Thursday, December 18, 2008

I left school early today, Bad day. I don't know whats wrong with me, hopefully my time with Jess will mend it a little.

Wednesday, December 17, 2008

So after seeing the movie, Twilight, I decided to start reading the series, and I really can't put the book down. ....Obesssseeessed

Monday, December 15, 2008

I hate everyone.

Sunday, December 14, 2008



Was It completely nesscary for him to leave? Is it supposed to teach me some kind of lesson? Fuck Holidays, RIP Dad, I hate the holidays withtout you.


Odd to say, but I love winning solitare




If anyone actually reads this, This is what I look like with completely no make up on. Ahahahahaha I dont think I'll ever leave the house like this, so good luck catching me like this. I love this girl<3333>

Saturday, December 13, 2008


<-------- He is probably one of the most sexiest men alive. Last night, I went to go see Twilight with Jess and Carney, and No lie, It was SO good. Cutest, intense love story ever. Me and Jess cried. Lol not to be a Debby Downer or anything but it honestly mad me sssssssoooo pissed off, I don't think I can handle cute shit like that cause I get so jealous, not to be completely corny. But its totally true. I just got home not too long ago, and now I'm completely bored with nothing to do, its only 9:14 too. What the fuuuuuuuuck, I think tomorrow If I dont find anything to do, I MIGHT actually clean my room, This pig-sty is gettin a tad rediculous. But I'm gonna go all out, even throw away some clothes maybe, well see. 12 more days till Christmas, and 13 more days until London and Paris, I think i'm more excited for London than I am Christmas. Most deffinately, I fucking hate holidays and I'm mostly excited to get out of this fucking country. I dont even think I'm going to take my phone with me, When I'm there I want nothing to do with anyone. Plus I think there's extra charge on texts when your out of country. I dont know.

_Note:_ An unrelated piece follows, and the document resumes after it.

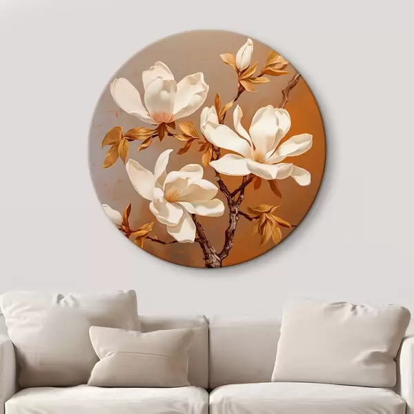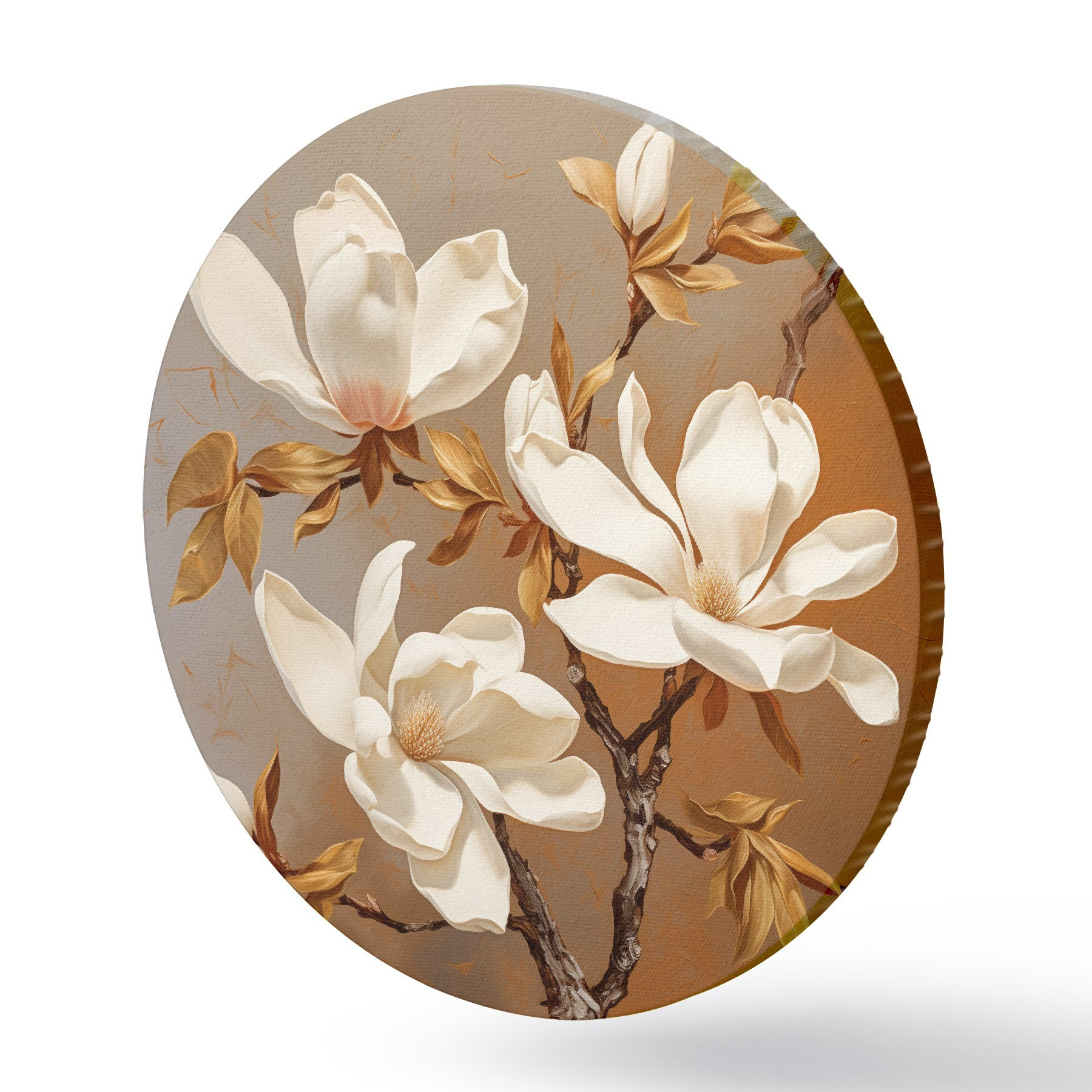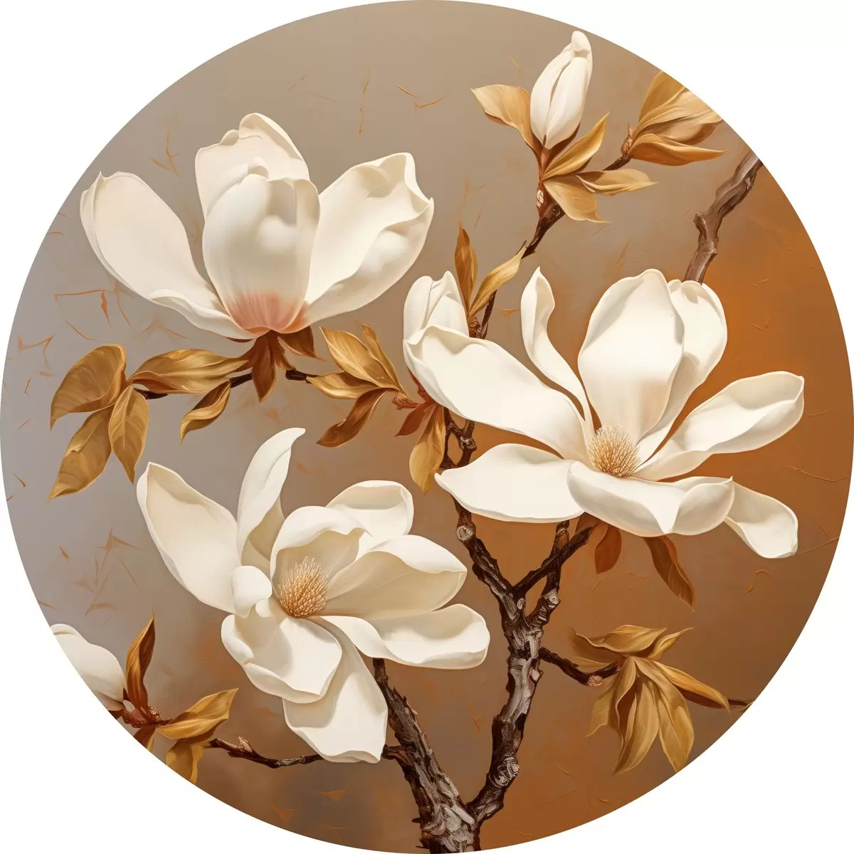 Tableaux ronds Peinture à l'huile avec un magnolia blanc sur une branche sur un fond jaune r43361

Thursday, December 11, 2008

HORRIBLE day. I start off first, with thee most bangin headache ever, Secondly, a debate in history gone wrong. I freaaaked out because these two kids were talking shit under their breath in front of my face. I hear i'm dumb every FUCKING day dude, Its bull shit. But the one came up to me and apologized sincerely, so its straight. Then lastly, I'm on the phone, and he calls me another girls name? Thats an automatic goodbye.. "I want to let you know that you are the girl. The one I've been waiting for"


Hahahaha bye!

Wednesday, December 10, 2008

To me, everyone seems so fucking happy. I can truely say that i'm fucking miserable, and most people deffinately aren't helping. I feel like a failure, I can't do good in school, I can't make my mom happy, I could never make my dad happy, I can't find a dude, I dont know what's wrong with me. I'm insecure and probably hopeless, I honestly feel like giving up on everything and everyone. I sound like some emo mother fucker, but its true. I don't know...
I keep having the same issues with myself almost every month, every week rather. I don't know what to do.

Monday, December 8, 2008

It's wierd, I haven't been drunk or anything for 3 months. I'm actually pretty proud of myself, but I'm so fucking miserable that sometimes I think If I just got totally smashed, I would be happy again and my life would be more interesting again, More stories to tell etc. I really don't wanna think like that all, And I shouldn't but, I dont know.
I think I might actually like delete my myspace, or not go on it for a while, because honestly it just makes me feel shitty about myself every fucking day. Or just not even go on my computer rather. I really can't let things get to me like they do, but thats just me I guess. I'm tired of living around here but I would really hate to move, I might have a chance to move to AZ in July, but whats out there? Just deserts, mountains and bull shit. Deffinately not my kind of place. I have plans here, so I'll stick to them. I just really can't wait to leave this fucking place just for a little but and go to London and Paris, It's gonna be so bangin.

Saturday, December 6, 2008

I'm figureing myself out day by day, and I hate it because I thought I already knew who I was.

Hopefully Ill be going to Delaware tonight to see Tiff and Taylor.

Friday, December 5, 2008

You make me hate myself. You make me hate myself. You make me hate myself. You make me hate myself. You make me hate myself. You make me hate myself. You make me hate myself.


I wish I never met you. I wish I never met you. I wish I never met you. I wish I never met you. I wish I never met you. I wish I never met you. I wish I never met you. I wish I never met you. I wish I never met you. I wish I never met you. I wish I never met you.

Tuesday, December 2, 2008

Today was hard, reallllly fucking hard. Toughed it out though, and I'm glad I wasn't just sitting home feeling sorry for myself.